В персонаже карнавального романа Аксёнова «Скажи изюм», фотографе, имеющем брутальное имя Шуз Жеребятников, легко просматриваются отдельные черты и Юза Алешковского, и Генриха Сапгира. Вот изгибы судьбы: Юз, исключённый из школы, где он учился вместе с будущим прозаиком Георгием Семёновым и будущим критиком Вадимом Кожиновым, имевшим в либеральных кругах стойкую репутацию обскуранта, был отдан суровым родителем в ФЗУ. Где и встретился с Генрихом Сапгиром, который тогда уже писал стихи и согласился взять Юза в ученики за твёрдый гонорар в сто сталинских рублей за урок. Которые Юз крал из кармана отцовского кителя и которые приятели пропивали непосредственно во время поэтического урока.

Чингиз Гусейнов публикует цикл Memor-портреты. (С. 143–152). В цикл входят: «С дистанции времени, или люди, которых мне не хватает: Муза Павлова и Владимир Бурич»; «Николай Николаевич Вильмонт: “Только мудрым тайну вверьте”».

Из нынешних огорчений – прошло мимо меня всё, что было связано с Пастернаком, – я был всего лишь молчаливым наблюдателем, посещая писательские собрания с жаркими битвами (особенно – в большом зале ЦДЛ, где осуждали его). Уходил от общения с ироничным соседом Львом Копелевым, хотя случалось, прогуливались по Красноармейской улице, он был щедр на откровенные высказывания… Запоздалое сожаление: мог бы (увы, недопонимал) чаще общаться со «странным» Николаем Глазковым, тем более что нас с ним объединяла страсть к шахматам, и мне б не было отказа во встречах.

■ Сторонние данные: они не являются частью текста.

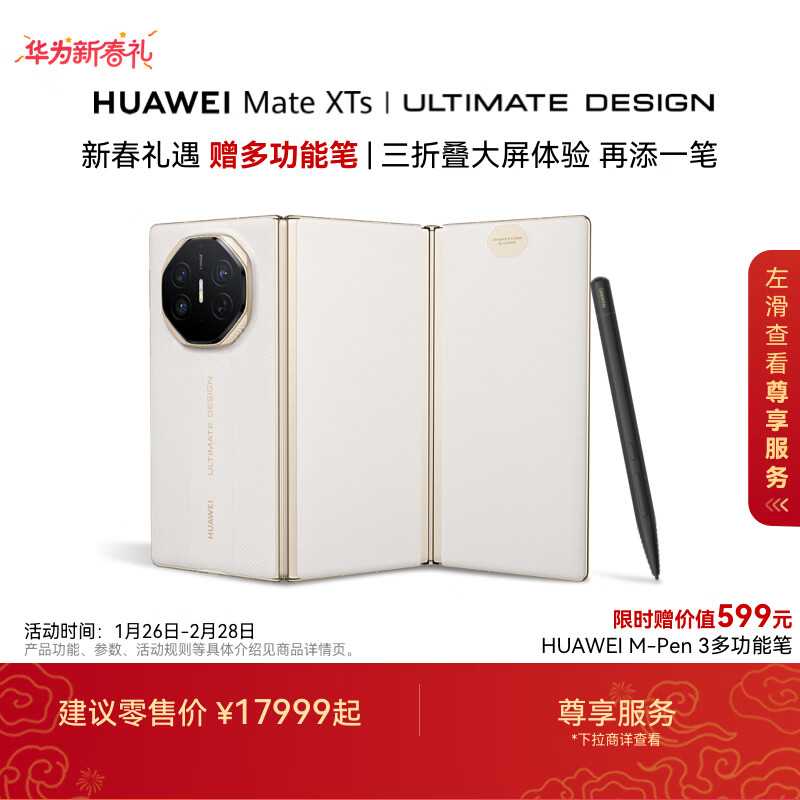 HUAWEI Mate XTs | ULTIMATE DESIGN 非凡大师 三折叠大屏生产力鸿蒙大屏AI 华为三折叠屏 智能手机 皓白 16GB+256GB

Нейман Е. Новые мифы о творении // Новый мир. – 2009. – № 2. – С. 138–151. – (Мир науки)

Весной 2008 года в мировой прессе появилось множество сообщений о том, что учёные создали гибрид человека с коровой. Это были и научные статьи, и популярные сообщения разной направленности, и, естественно, огромное число статей, касающихся этической стороны этого открытия…

От Ромула до наших дней:

В Древнем мире гибриды человека и животных не считались такой уж редкостью (сфинкс, Минотавр, кентавры, Пан, сирены). Когда античная вольница сменилась Средневековьем, гибридные чудища не исчезли (горгульи, русалки, василиски, гомункулусы, химеры).

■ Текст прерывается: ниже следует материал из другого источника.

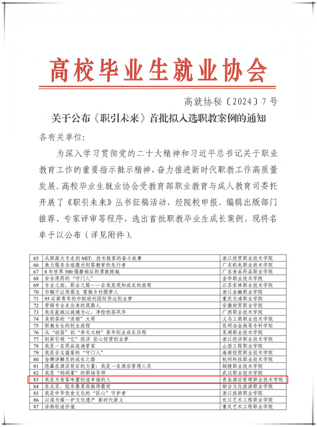 此次入选优秀案例,彰显了学校高质量人才培养水平和特色专业技能育人模式,树立了高职院校高质量就业典范,提高了学校的美誉度和影响力。

Далее рассматриваются опыты ХХ века – века селекционеров от межвидового скрещивания до генной инженерии 60–70 годов двадцатого века.

Последняя декада ХХ века. Самыми горячими становятся исследования в области стволовых клеток и геномики. Стволовые клетки, как выяснилось, могут превратиться в любую клетку человеческого тела.

Диалог с будущим:

Ученые, работающие над проблемой клонирования, стволовых клеток, инженерной эмбриологии, вряд ли ставят перед собой цель завоевать мир, а для утверждения своей власти создать армию безликих биосолдат. Нельзя также упрекнуть учёных в стремлении улучшить мир жестокими биоинженерными методами: внедрить в людей нанороботов, которые будут программировать личность в соответствии с правилами хорошего поведения, или специально клонировать элитную часть населения… Тогда какие же задачи будущего могут решить ими созданные кощунственные с обывательской точки зрения гибридные монстры? Далее сформулированы четыре основные задачи.

«Я рыбная мышь или мышная рыба?»

В этом разделе о межвидовых гибридах – химерах, настоящих гибридах, трансгенах, цибридах.

«Тварь ли я дрожащая или право имею…»

Рассмотрены моральные и этические проблемы генной эмбриологии, клонирования межвидовых гибридов.